American soldier and Medal of Honor recipient

Ferenc "Frankie" Zoltán Molnár (February 14, 1943 – May 20, 1967) was a United States Army soldier of Hungarian descent and a recipient of the United States military's highest decoration—the Medal of Honor—for his actions in the Vietnam War. Frankie and Zoli are nicknames of Ferenc and Zoltán, respectively.

==Biography==
Molnár joined the Army from Fresno, California in 1962, and by May 20, 1967, was serving as a staff sergeant in Company B, 1st Battalion, 8th Infantry Regiment, 4th Infantry Division. During an enemy assault on that day during Operation Francis Marion in Kontum Province, South Vietnam, Molnár organized his squad's defense and, when a grenade landed among them, smothered the blast with his body at the expense of his life.

Molnár, aged 24 at his death, was buried in Highland Memory Gardens, Godby Heights, West Virginia.

==Medal of Honor citation==
Staff Sergeant Molnár's official Medal of Honor citation reads:

For conspicuous gallantry and intrepidity in action at the risk of his life above and beyond the call of duty. S/Sgt. Molnár distinguished himself while serving as a squad leader with Company B, during combat operations. Shortly after the battalion's defensive perimeter was established, it was hit by intense mortar fire as the prelude to a massive enemy night attack. S/Sgt. Molnár immediately left his sheltered location to insure the readiness of his squad to meet the attack. As he crawled through the position, he discovered a group of enemy soldiers closing in on his squad area.

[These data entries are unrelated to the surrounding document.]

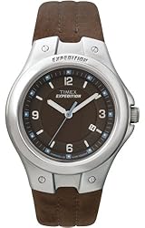 Any time, anywhere in the world. Stylish enough for casual office wear, yet durable enough to withstand all of your extreme outdoor adventures, this Timex Midsize Expedition Metal Tech Casual Watch #T49657 knows no boundaries. Powered by analog-quartz movement, this sleek timepiece features a versatile brown leather band and buckle clasp to ensure comfort and grace. The 34-millimeter brass case and stationary brass bezel beautifully offset the rich brown dial face, which is adorned with stand-out silver Arabic numerals and alternating indexes and comes protected with an ultra-resistant mineral window. For additional convenience and precision, a date calendar rests at the four-o'clock position, and contrasting minute indexes and blue glow-in-the-dark Indiglo hour indexes ring the outer face. This watch, which is water resistant to 330 feet, is backed by a 1-year manufacturer's warranty.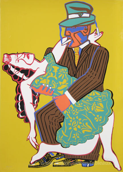 Nous vous proposons une reproduction artisanale sur toile du célèbre tableau 'Mangue mangue' de Red Grooms, provenant du Musée de la Reproduction.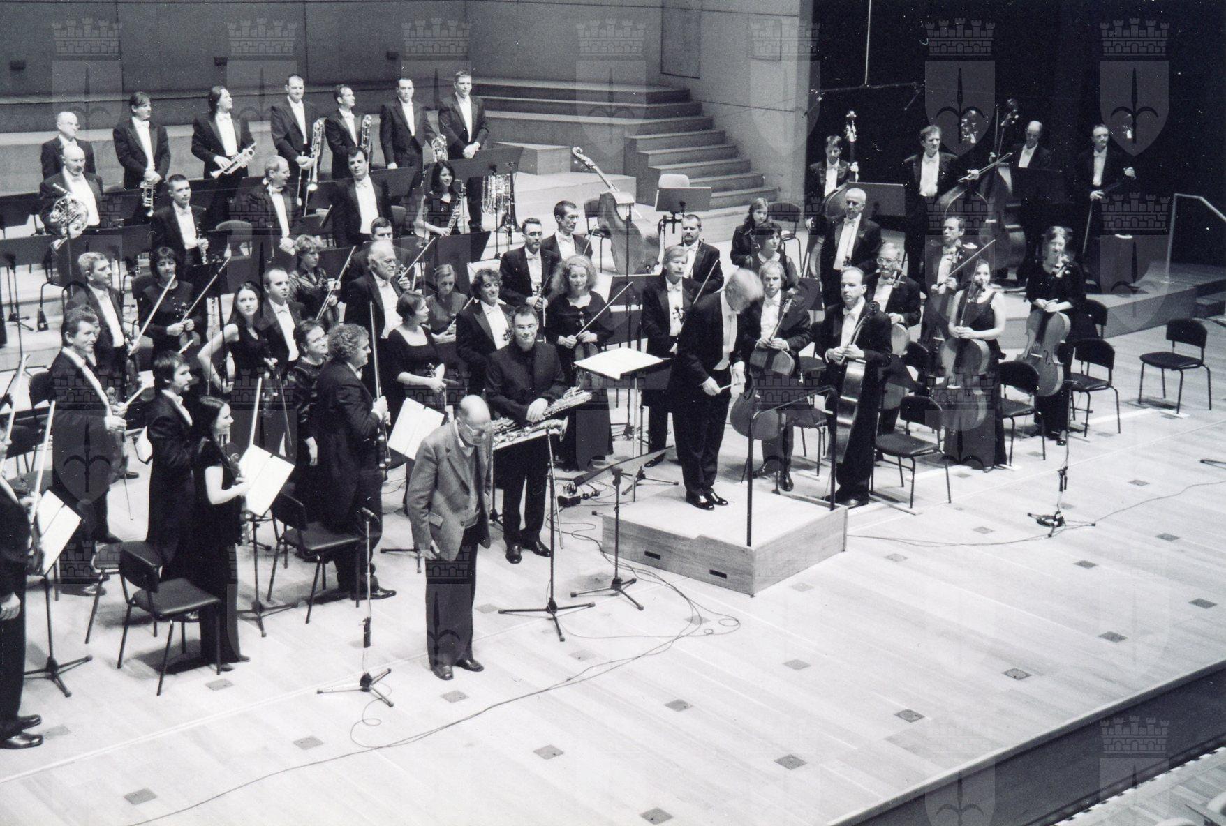 Pavle Merkù con la Slovenska Filharmonija al termine di un concerto
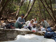 | 楽しく早めの昼食 | 下山・・・・テーブル状の川床 | 再び滝を |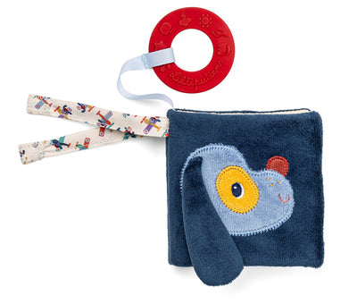 Smart navy rugby shirt with stripy sleeves and a red tractor applique,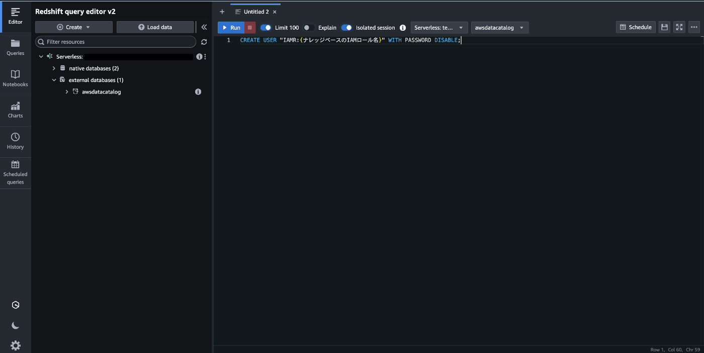 # ナレッジベースのIAMロールを介して認証できるデータベースユーザー作成する $ CREATE USER "IAMR:{ナレッジベースのIAMロール名}" WITH PASSWORD DISABLE;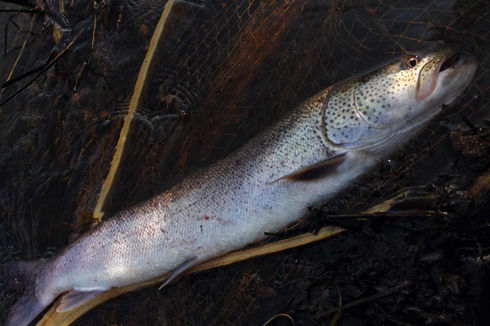 北海道のイトウ産卵期は3〜5月。 そのため多くの釣り人がイトウ釣りを開始するのが5月中旬以降。 秋と違うのは湿原河川も長い冬が開けたばかりで雪代による増水の影響を受けるといった点。 魚自体は産卵で疲れた体力を回復させるためせっせと摂餌行動をとるのだが、河川全体の水位が増水によって高いと如何せんポイントを絞りにくい。 雪代増水は普通の年で5月中旬くらいまで続くが、近年は暖冬の影響から水位の低下が思ったよりも早かったり、または水位自体が思ったほど高くならなかったりとアングラーを迷わせる要素はふんだんにあるものの、そこはやはりドリフトボートの強力なポイントサーチ力でガイドでは安定した釣果を提供することに成功している。 この時期の特徴としては外道で銀鱗見事なサクラマスが釣れてしまうことがあることだ。 5・6月はイトウの狩場とサクラマスの遡上群が場所・タイミング共に一部重複する場合があるので、…おや? この引きは…?? と思ったらイトウならぬ銀の魚体が大ジャンプ… なんてことが稀に起こりうる。 ただし、北海道では河川でのサクラマス釣りは犯罪となるため、もし釣れてしまったら出来るだけ優しく速やかに流れに帰してあげてほしい。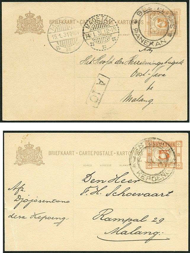 Twee bk. G44 van bestelhuizen naar Malang. Kaart met BESTELHUIS KEPOENG waarin datumstempel 12. JUN. 1931(?), alsmede kaart met BESTELHUIS PANEKAN via Magetan 14-1-1931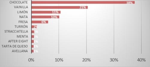 Los españoles y españolas coinciden en elegir el chocolate como su sabor preferido, con una mayor prevalencia en las mujeres, que escogen el chocolate en un 40%, mientras que los hombres lo hacen en un 35%. La vainilla es el segundo sabor tanto para hombres (24%) como para mujeres (18%). Tras ellos se sitúan otros sabores clásicos como la nata (10% en hombres y 11% en mujeres), el limón (11%, empatado con la nata en las mujeres) y la fresa (6%) completan el rango de sabores favoritos, seguido de otros, entre los que destacan el turrón, la stracciatella y la menta.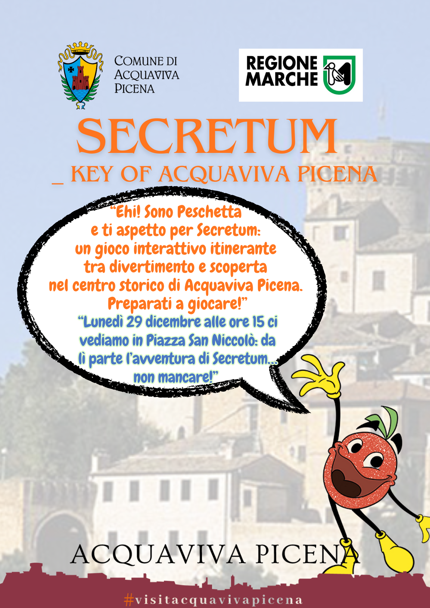 ACQUAVIVA PICENA – Lunedì 29 dicembre, con appuntamento alle ore 15 in Piazza San Niccolò, prende ufficialmente il via “Secretum – The Key of Acquaviva Picena”, un innovativo gioco interattivo itinerante pensato per valorizzare il centro storico del borgo. A guidare i partecipanti in questa esperienza sarà Peschetta, personaggio simbolo che accompagnerà grandi e piccoli alla scoperta della storia e delle bellezze di Acquaviva Picena.

His accurate rifle fire killed 5 of the enemy and forced the remainder to flee. When the mortar fire stopped, the enemy attacked in a human wave supported by grenades, rockets, automatic weapons, and small-arms fire. After assisting to repel the first enemy assault, S/Sgt. Molnár found that his squad's ammunition and grenade supply was nearly expended. Again leaving the relative safety of his position, he crawled through intense enemy fire to secure additional ammunition and distribute it to his squad. He rejoined his men to beat back the renewed enemy onslaught, and he moved about his area providing medical aid and assisting in the evacuation of the wounded. With the help of several men, he was preparing to move a severely wounded soldier when an enemy hand grenade was thrown into the group. The first to see the grenade, S/Sgt. Molnár threw himself on it and absorbed the deadly blast to save his comrades. His demonstrated selflessness and inspirational leadership on the battlefield were a major factor in the successful defense of the American position and are in keeping with the finest traditions of the U.S. Army. S/Sgt. Molnár's actions reflect great credit upon himself, his unit, and the U.S. Army.